On September 30, 1992, a computer at a particle physics laboratory in Tsukuba served up the first website ever hosted in Japan. The original page can still be visited. That the birthplace of Japan's internet presence was a high-energy physics lab rather than a tech company is no accident -- KEK, the High Energy Accelerator Research Organization, has been at the frontier of Japanese science for decades, operating particle accelerators that smash electrons and positrons together at nearly the speed of light beneath the Ibaraki countryside. With approximately 695 employees and collaborators from hundreds of institutions worldwide, KEK's campus is one of those places where the questions being asked are so fundamental -- why does matter exist at all? -- that the machines built to answer them stretch for kilometers underground.
KEK was formally established in 1997, but its roots reach back decades further. It emerged from the merger of three institutions: the Institute of Nuclear Study at the University of Tokyo, founded in 1955; the National Laboratory for High Energy Physics, established in 1971; and the University of Tokyo's Meson Science Laboratory, dating to 1988. The consolidation brought accelerator expertise, nuclear research, and meson science under a single organizational umbrella in Tsukuba, creating Japan's answer to CERN and Fermilab. Today KEK operates four main laboratories: the Accelerator Laboratory, the Institute of Particle and Nuclear Studies, the Institute of Materials Structure Science, and the Applied Research Laboratory. The organization also trains doctoral students through the Graduate University for Advanced Studies.
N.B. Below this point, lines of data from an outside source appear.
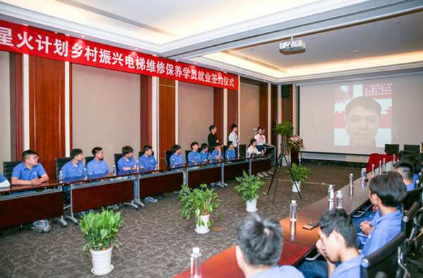 依托电梯人才培养教育资源优势,联合中华职教社、西奥电梯等建立四方协同联动机制,在全国范围内开展”温暖工程”“校校企合作班”等多种形式帮扶,以“总支联动、支部联办、党员联系、校企联手”的党建创新模式和采用免费培养、定向就业的培养方式助力共同富裕。与黔东南民族职业技术学院签订对口帮扶协议,为黔东南台江职业学校、四川广元剑阁职业高中捐赠100万元设备,共建电梯实训基地。项目自立项来,已累计为中西部地区培养了314名专业电梯安装与维修工,带动其家庭走上富裕之路。
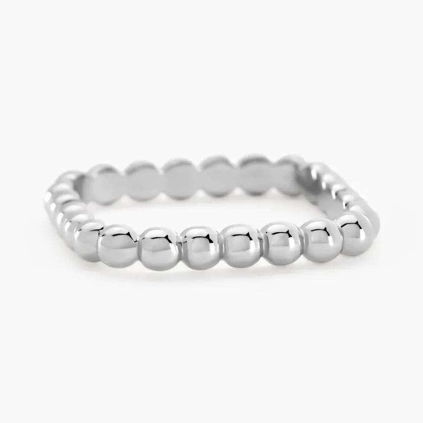 Bague Argent Blanc 925/1000 Forme Carrée Effet Perlé
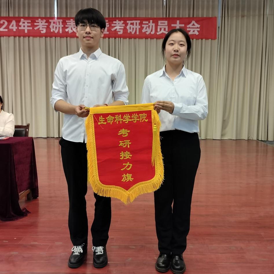 伴着庄严的国歌,大会拉开序幕。副院长魏振林宣读2024届考研员工录取名单。紧接着,在热烈的掌声中,与会领导、老师为受表彰的考研员工代表颁发奖品。随后,2024届优秀考研员工代表邹宇涵分享考研经验和心得,并将“考研接力旗”传递给下一届考研员工代表吴欣倢,她接过旗帜后,表达了对考研的坚定决心和必胜信念。
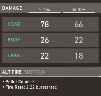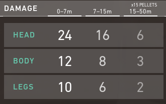 As the least expensive buyable weapon in the game, spending 150 credits allows for flexibility when choosing to buy light armor and/or abilities, just like the Classic. Considering the maximum damage output is within a small range of 0-7 meters, it would be best to play at a spot where you would want the enemies to approach at a close range, such as a close corner. Each of the 15 pellets deals 24 damage to the head, 12 damage to the body, and 10 to the legs. Let’s say for example you were to hit all 15 pellets to the head on an enemy, it would leave the enemy beyond guaranteed death regardless of full or half armor.
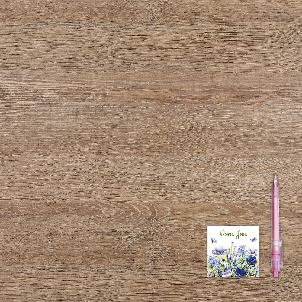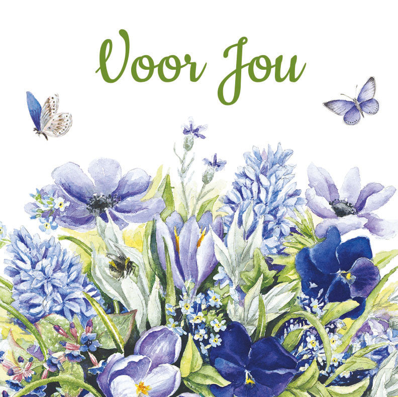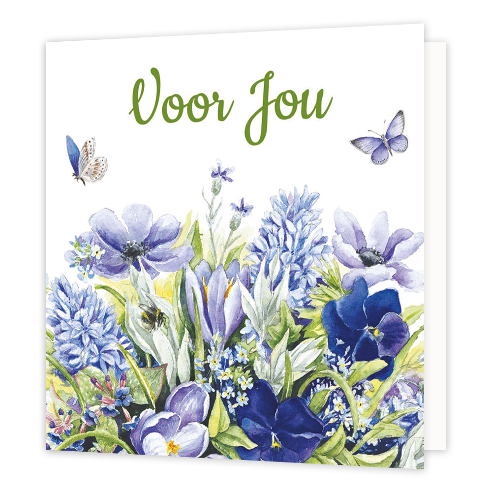 De wenskaart heeft een afmeting van x en een vierkante vorm. Op deze wenskaart staan bloemen in de kleuren blauw, paars en groen, met daarboven de tekst: "Voor jou". De binnenzijde van de wenskaart is blanco wat voldoende ruimte geeft om een persoonlijke boodschap te schrijven .
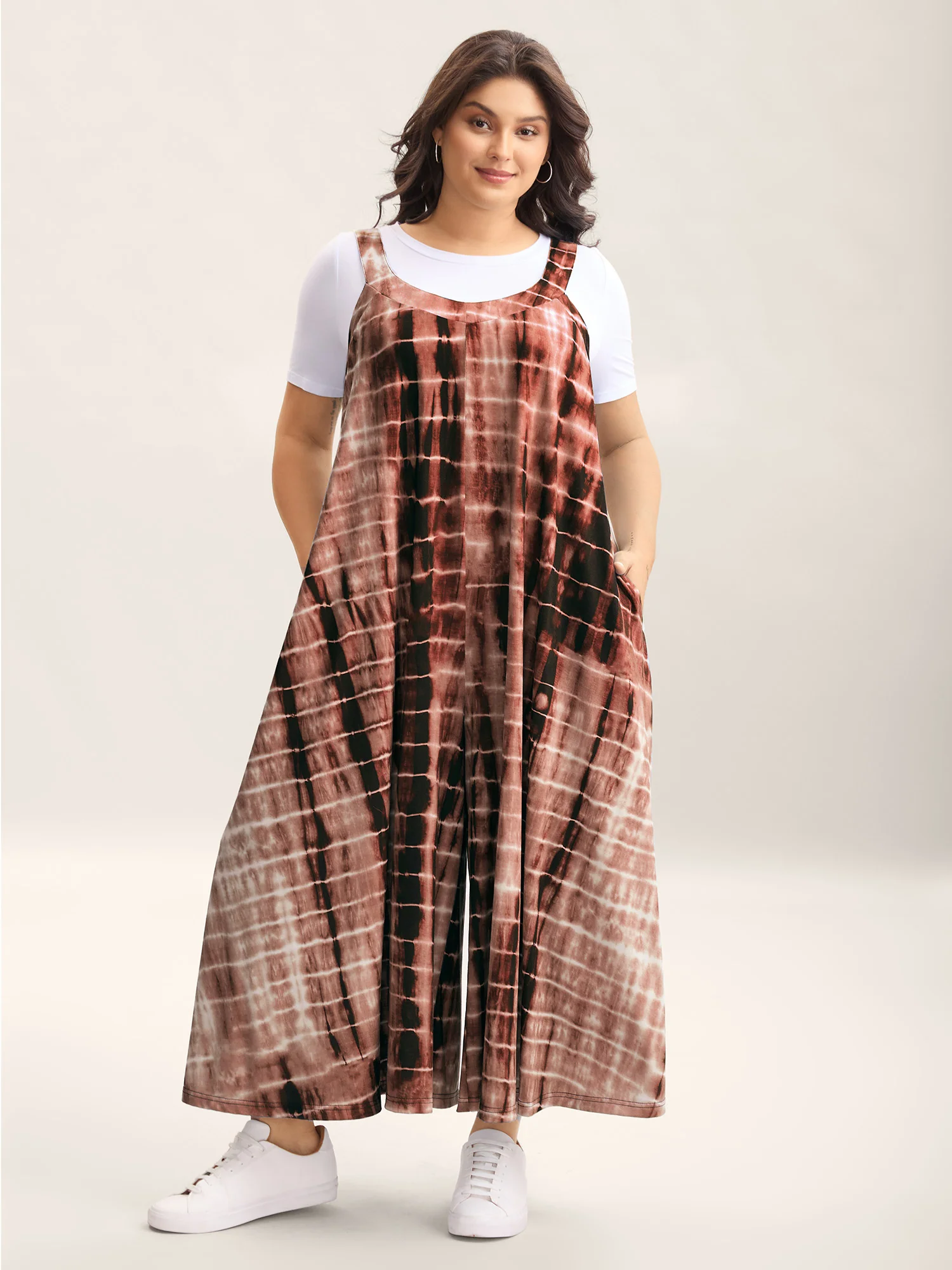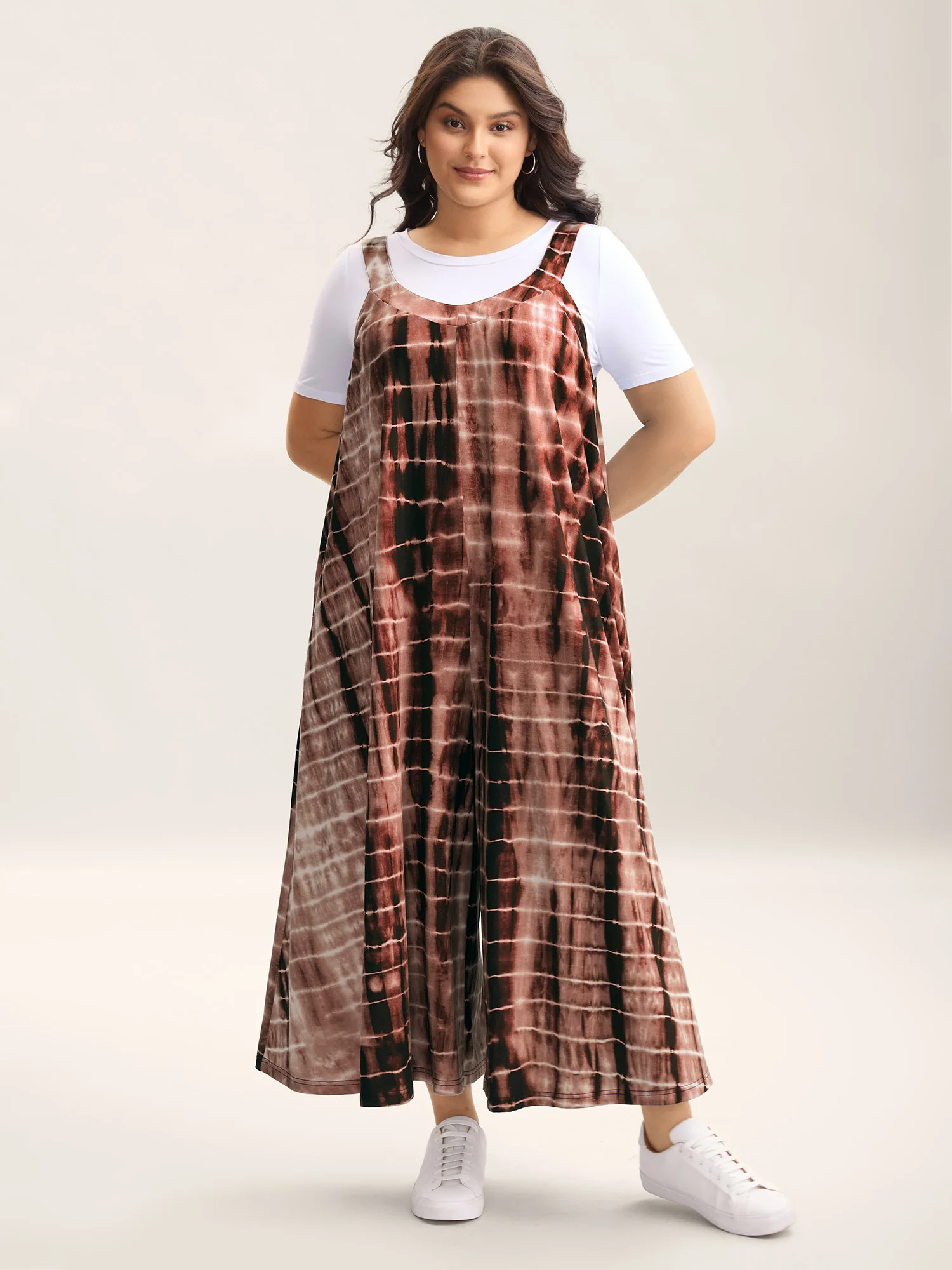 Rayon Damask Print Stretchy Waist Jumpsuit
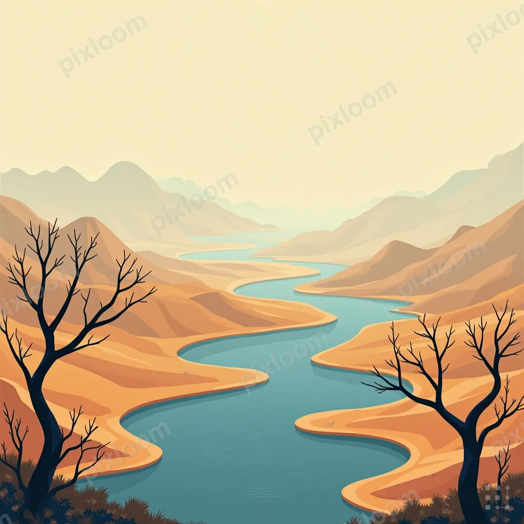 Modern Illustration1344x768Modern illustration of layered mountain landscape, geometric shapes, muted earth palette

KEK's crown jewel is SuperKEKB, an electron-positron collider with a circumference of about 3.016 kilometers. Two storage rings -- one pushing electrons to 7 GeV, the other accelerating positrons to 4 GeV -- send particles hurtling in opposite directions before smashing them together at a single interaction point. The collisions generate enormous quantities of B-mesons and their antimatter counterparts, providing data for the Belle II experiment. SuperKEKB achieved its first collisions inside the Belle II detector in 2018, and its target luminosity is set at approximately 30 times higher than its predecessor KEKB -- an upgrade that required adopting a nano-beam scheme, where beams are focused to impossibly small cross-sections at the collision point. The Japanese government approved the project in October 2010 with a total budget of roughly 315 million dollars.
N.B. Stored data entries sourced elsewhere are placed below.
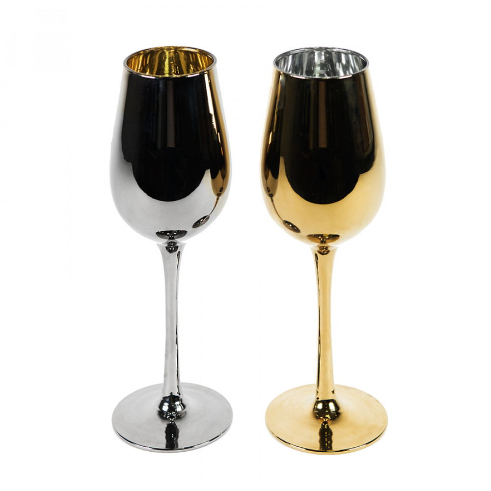 Два бокала серебряного и золотого цвета в одном наборе, как две части единого целого, идеально дополняют друг друга.
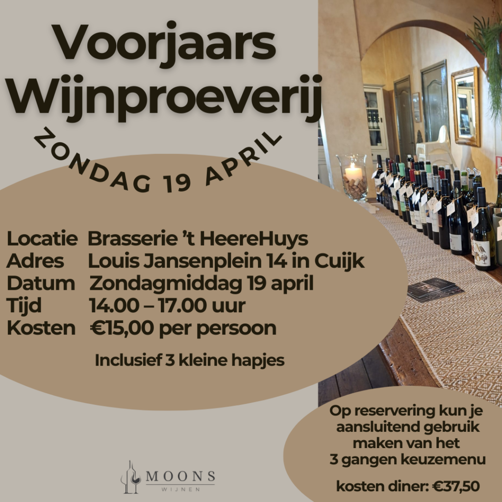 Bij binnenkomst ontvang je een overzicht van alle wijnen op de proeftafel, zodat je zelf kunt kiezen wat je wilt proberen. Ik sta bij de proeftafel om je er graag meer over te vertellen.
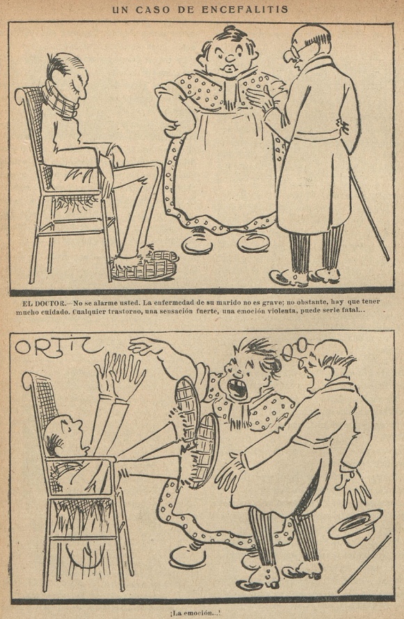 Doctor: “Don’t be alarmed. Your husband’s illness is not serious; however, you have to be very careful. Any disorder, a strong sensation, a violent emotion, can be fatal…”
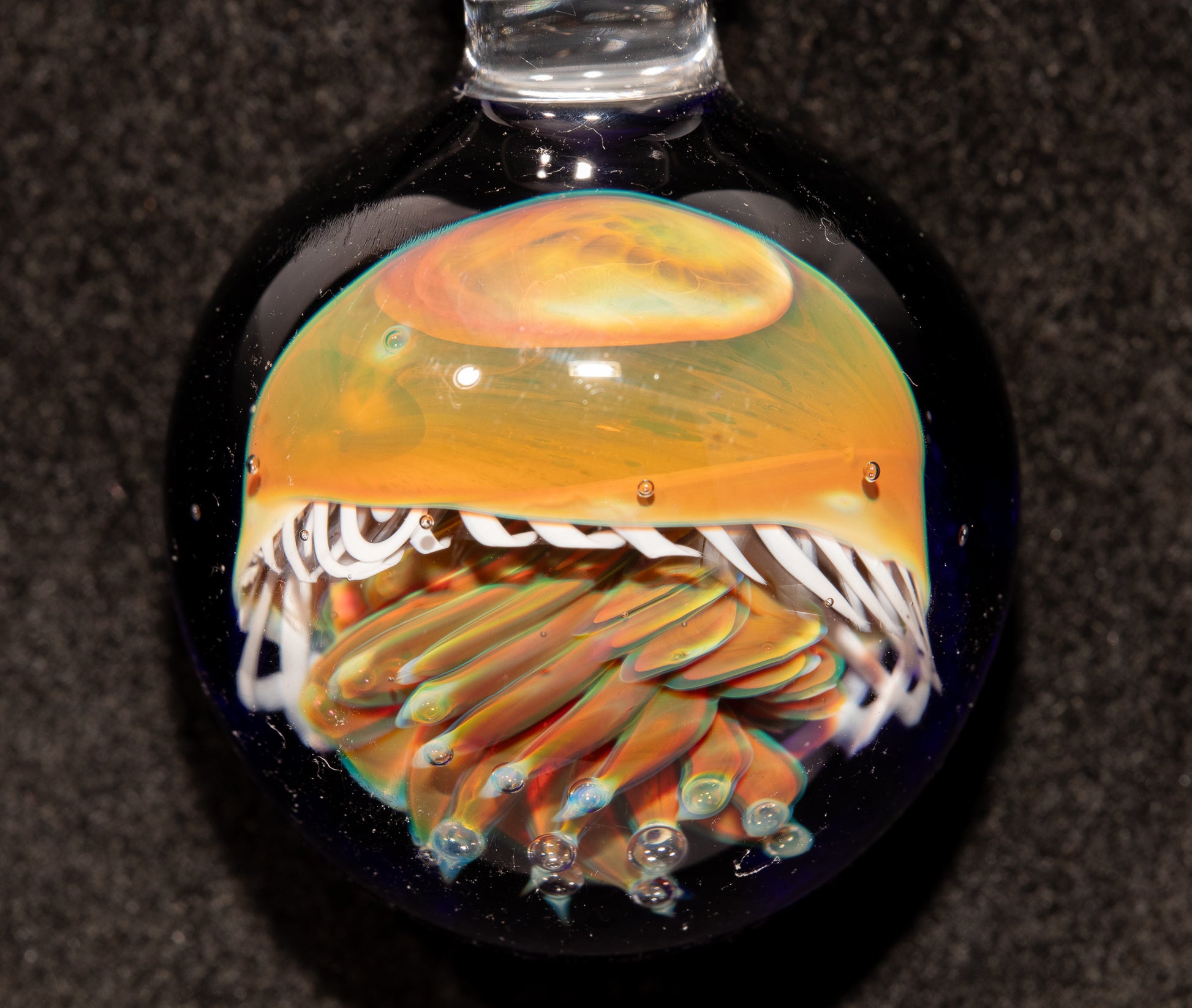 From molten glass to a moment of ocean wonder, this pendant captures a drifting jellyfish in timeless motion.
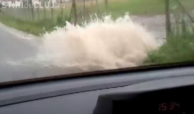 Din imaginile surprinse de un clujean se vede cum rigolele de pe marginea drumului nu au mai făcut față și șoseaua a fost inundată.
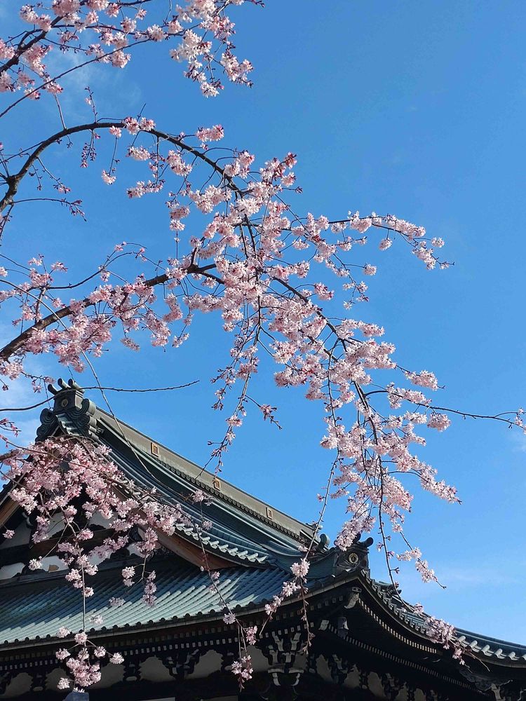 空の青、お寺の屋根、枝垂れ桜 そうそうpちゃんの腕前 みんな揃って、素敵な写真になったね🤗

Makoto Kobayashi, emeritus professor at KEK, shared the 2008 Nobel Prize in Physics for his theoretical work on CP-violation -- the subtle asymmetry between matter and antimatter that helps explain why the universe contains matter at all rather than having annihilated itself in the first moments after the Big Bang. The experimental verification of Kobayashi's theory was one of the driving purposes behind KEK's B-factory accelerators, which produced the B-mesons needed to observe CP-violation in action. KEK also fires neutrinos 250 kilometers across Japan to the Super-Kamiokande detector buried deep in a mine in Kamioka, studying neutrino oscillations through experiments named K2K and later T2K using the J-PARC proton accelerator complex co-operated with the Japan Atomic Energy Agency.
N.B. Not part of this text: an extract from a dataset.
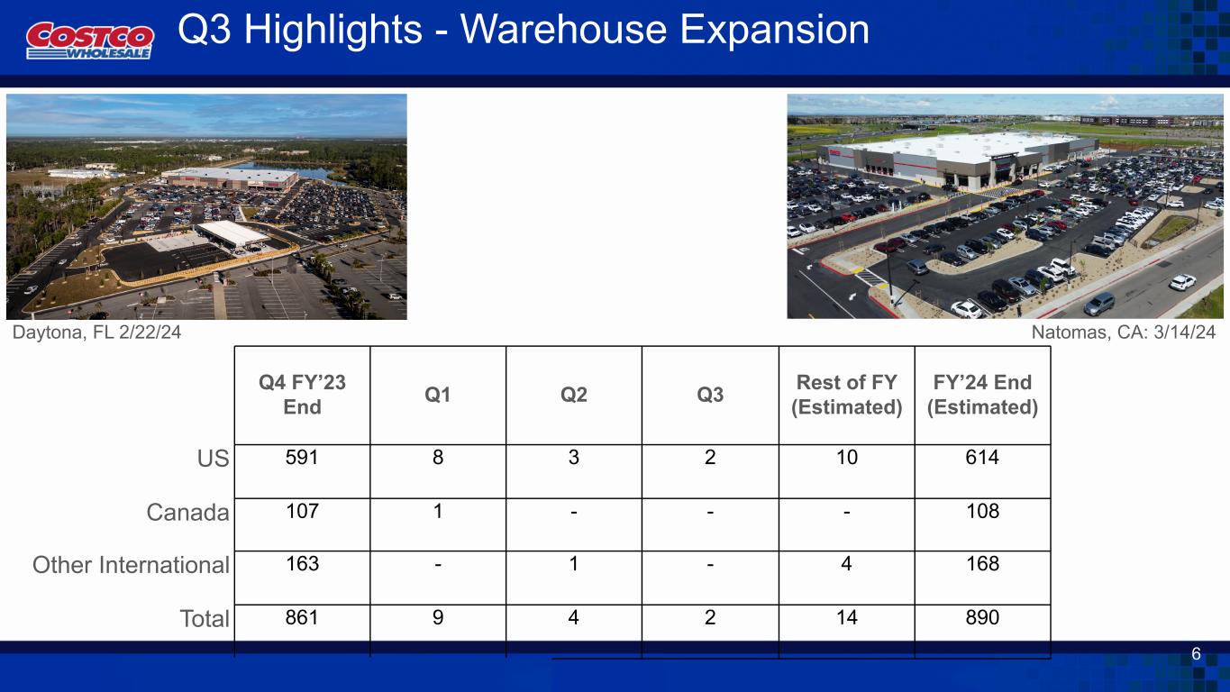 Q4 FY’23 End Q1 Q2 Q3 Rest of FY (Estimated) FY’24 End (Estimated) US 591 8 3 2 10 614 Canada 107 1 - - - 108 Other International 163 - 1 - 4 168 Total 861 9 4 2 14 890 Q3 Highlights - Warehouse Expansion Daytona, FL 2/22/24 Natomas, CA: 3/14/24 6
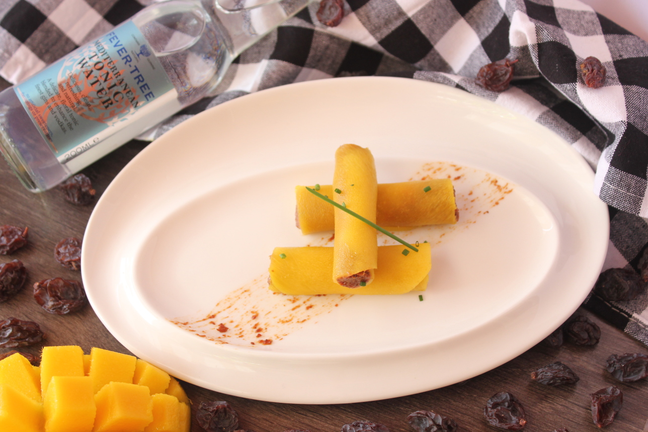 Con la ayuda de un buen cuchillo, pelamos el mango maduro y hacemos unas rodajas bien finas. Rellenamos de la pasta anterior, como si de un canelón se tratase.

Before SuperKEKB, the same tunnel housed TRISTAN -- the Transposable Ring Intersecting Storage Accelerator in Nippon -- an electron-positron collider that operated from 1987 to 1995 hunting for the top quark at energies up to 30 GeV. TRISTAN never found the top quark (Fermilab claimed that prize), but its tunnel became the foundation for KEKB and then SuperKEKB, each generation of accelerator inheriting and upgrading the infrastructure of the last. Beyond the main collider, KEK operates the Photon Factory synchrotron light sources for materials science and structural biology, and is deeply involved in planning for the International Linear Collider -- a proposed 31-kilometer-long machine that would collide particles at up to 1 TeV, a project involving 300 laboratories and universities worldwide.
Located at 36.149N, 140.077E in the Tsukuba Science City area of Ibaraki Prefecture. The KEK campus is identifiable from altitude as a large institutional complex with distinctive circular features marking the accelerator ring footprints. The 3-kilometer SuperKEKB ring traces a rough circle beneath the campus grounds. Best viewed at 3,000-5,000 feet AGL. Ibaraki Airport (RJAH) lies approximately 22 nautical miles northeast. Mount Tsukuba (877m) is visible 5 kilometers to the north. The Tsukuba Express rail corridor runs southwest toward Tokyo.